Wednesday, May 8, 2013

Comments in trouble again

I note that over the recent past something has changed in how the Courier editors are dealing with online comments.

Updates are infrequent, down to what appears to be about twice a day.  This substantially reduces the capacity for dialogue, and probably frustrates many commenters, seen in the higher frequency of repeat comments.

I can't know much about the sort of comment editing I note below, but it has been out of sight for a long time, and its return is worrying. Maybe it was one weekend substitute that really didn't know the drill. We'll see.

Editorial: Editor takes the bait

In today's column the unnamed Courier editor looks at the Legislature's latest attack on the Clean Elections system, and follows its seductive billboards into what amounts to a roadside clip joint.

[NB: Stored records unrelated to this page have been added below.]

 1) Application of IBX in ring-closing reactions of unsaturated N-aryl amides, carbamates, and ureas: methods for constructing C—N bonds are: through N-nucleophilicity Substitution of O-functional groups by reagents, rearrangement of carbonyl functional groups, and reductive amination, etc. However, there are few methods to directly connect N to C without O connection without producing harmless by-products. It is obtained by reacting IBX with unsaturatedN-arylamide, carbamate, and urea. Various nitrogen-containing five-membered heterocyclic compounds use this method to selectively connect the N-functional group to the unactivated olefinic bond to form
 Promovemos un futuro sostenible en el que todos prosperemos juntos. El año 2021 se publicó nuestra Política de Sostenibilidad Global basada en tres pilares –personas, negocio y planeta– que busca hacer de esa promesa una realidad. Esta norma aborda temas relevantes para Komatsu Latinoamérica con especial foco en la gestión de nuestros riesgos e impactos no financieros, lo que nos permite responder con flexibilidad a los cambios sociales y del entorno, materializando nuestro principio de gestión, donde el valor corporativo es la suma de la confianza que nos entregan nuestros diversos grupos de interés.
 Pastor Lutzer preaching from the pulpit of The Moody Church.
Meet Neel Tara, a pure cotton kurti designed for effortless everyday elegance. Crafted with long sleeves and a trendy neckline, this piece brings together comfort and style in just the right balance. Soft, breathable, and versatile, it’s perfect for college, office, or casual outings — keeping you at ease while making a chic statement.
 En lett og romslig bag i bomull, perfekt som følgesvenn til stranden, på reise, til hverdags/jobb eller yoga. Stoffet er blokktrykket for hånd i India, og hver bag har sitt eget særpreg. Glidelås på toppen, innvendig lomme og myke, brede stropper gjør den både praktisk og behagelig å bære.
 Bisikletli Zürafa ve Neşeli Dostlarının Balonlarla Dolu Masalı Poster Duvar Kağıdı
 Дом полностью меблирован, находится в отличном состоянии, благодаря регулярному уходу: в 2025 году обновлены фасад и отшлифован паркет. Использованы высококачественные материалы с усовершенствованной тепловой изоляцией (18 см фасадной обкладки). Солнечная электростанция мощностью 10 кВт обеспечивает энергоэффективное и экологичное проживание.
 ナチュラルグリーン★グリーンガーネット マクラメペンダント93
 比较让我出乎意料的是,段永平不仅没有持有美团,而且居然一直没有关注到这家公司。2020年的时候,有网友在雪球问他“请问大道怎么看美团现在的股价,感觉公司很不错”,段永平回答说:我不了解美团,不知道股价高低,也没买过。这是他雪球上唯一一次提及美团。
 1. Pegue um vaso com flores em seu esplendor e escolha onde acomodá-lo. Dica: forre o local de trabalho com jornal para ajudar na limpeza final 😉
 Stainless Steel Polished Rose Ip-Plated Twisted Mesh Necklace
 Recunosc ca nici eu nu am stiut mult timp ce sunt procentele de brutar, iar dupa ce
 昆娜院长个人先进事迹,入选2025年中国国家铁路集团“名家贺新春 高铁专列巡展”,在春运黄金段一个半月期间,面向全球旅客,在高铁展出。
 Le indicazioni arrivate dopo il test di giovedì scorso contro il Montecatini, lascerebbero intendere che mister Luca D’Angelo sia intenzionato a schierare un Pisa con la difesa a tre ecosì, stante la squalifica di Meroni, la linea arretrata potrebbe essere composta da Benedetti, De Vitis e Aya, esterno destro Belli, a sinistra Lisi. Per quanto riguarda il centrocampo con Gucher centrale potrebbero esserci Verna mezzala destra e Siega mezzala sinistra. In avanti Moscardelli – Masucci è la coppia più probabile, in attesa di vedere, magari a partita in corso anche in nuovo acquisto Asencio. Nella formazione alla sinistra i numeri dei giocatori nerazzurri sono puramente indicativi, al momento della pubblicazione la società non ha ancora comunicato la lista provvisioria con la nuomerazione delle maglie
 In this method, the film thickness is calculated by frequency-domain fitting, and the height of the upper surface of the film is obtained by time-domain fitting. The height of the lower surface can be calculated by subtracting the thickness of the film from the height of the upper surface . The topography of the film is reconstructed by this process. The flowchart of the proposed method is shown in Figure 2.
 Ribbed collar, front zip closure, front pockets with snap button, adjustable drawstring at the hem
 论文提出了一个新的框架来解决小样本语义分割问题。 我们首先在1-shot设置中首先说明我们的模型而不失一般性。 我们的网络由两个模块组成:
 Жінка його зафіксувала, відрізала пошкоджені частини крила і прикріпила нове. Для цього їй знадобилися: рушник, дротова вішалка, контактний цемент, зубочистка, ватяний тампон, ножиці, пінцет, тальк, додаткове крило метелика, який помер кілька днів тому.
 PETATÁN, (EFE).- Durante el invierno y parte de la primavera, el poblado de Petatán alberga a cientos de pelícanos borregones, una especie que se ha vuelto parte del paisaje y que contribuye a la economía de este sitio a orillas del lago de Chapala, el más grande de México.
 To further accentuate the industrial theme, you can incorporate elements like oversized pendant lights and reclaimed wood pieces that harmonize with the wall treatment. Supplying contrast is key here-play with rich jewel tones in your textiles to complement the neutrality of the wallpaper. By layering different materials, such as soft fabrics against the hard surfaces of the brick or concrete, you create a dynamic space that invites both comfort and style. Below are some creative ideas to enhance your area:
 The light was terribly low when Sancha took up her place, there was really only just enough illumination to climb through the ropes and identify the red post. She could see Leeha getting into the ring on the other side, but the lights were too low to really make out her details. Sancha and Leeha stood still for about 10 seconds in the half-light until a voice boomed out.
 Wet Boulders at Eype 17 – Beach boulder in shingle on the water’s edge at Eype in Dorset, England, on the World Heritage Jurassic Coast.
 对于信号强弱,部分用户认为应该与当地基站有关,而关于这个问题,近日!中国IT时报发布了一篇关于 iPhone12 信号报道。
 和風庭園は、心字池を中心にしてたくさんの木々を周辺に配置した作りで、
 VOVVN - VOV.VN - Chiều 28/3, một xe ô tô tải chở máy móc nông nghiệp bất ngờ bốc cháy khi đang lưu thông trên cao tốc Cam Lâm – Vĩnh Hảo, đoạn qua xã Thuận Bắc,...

Even after the editor acknowledges that the proposed initiative sets up a cynical and false conflict between funding for elections and funding for education, at the end of the piece he falls right in line with it. This is of course because the paper has never favored our system of public funding for election candidates anyway.

Along the way I find it telling that the editor believes our legislative representatives only work during "much of their winter and spring." This shows that he doesn't follow the real action any better than the public at large.

Legislative sniping and court reversals have already robbed the Clean Elections system of much of its power to assist regular, not-rich people in running for state offices. There may be better ways to accomplish this noble goal, but regardless of how you feel about the system, you have to be able to see that setting it up in a false priority comparison with school kids is unfair, particularly since the same people who are calling for diverting Clean Elections funds to the schools have been entirely responsible for defunding those schools over the past five years.

Make no mistake, this initiative will not be about improving the schools, rather it's about starving political competitors, exactly as the editor lays out.

The best way to fund the schools is to go ahead and fund the damn schools. Cynically using a self-inflicted crisis in education to kill off a program that well-heeled Republicans have always hated is despicable, and voters should reject it out of hand.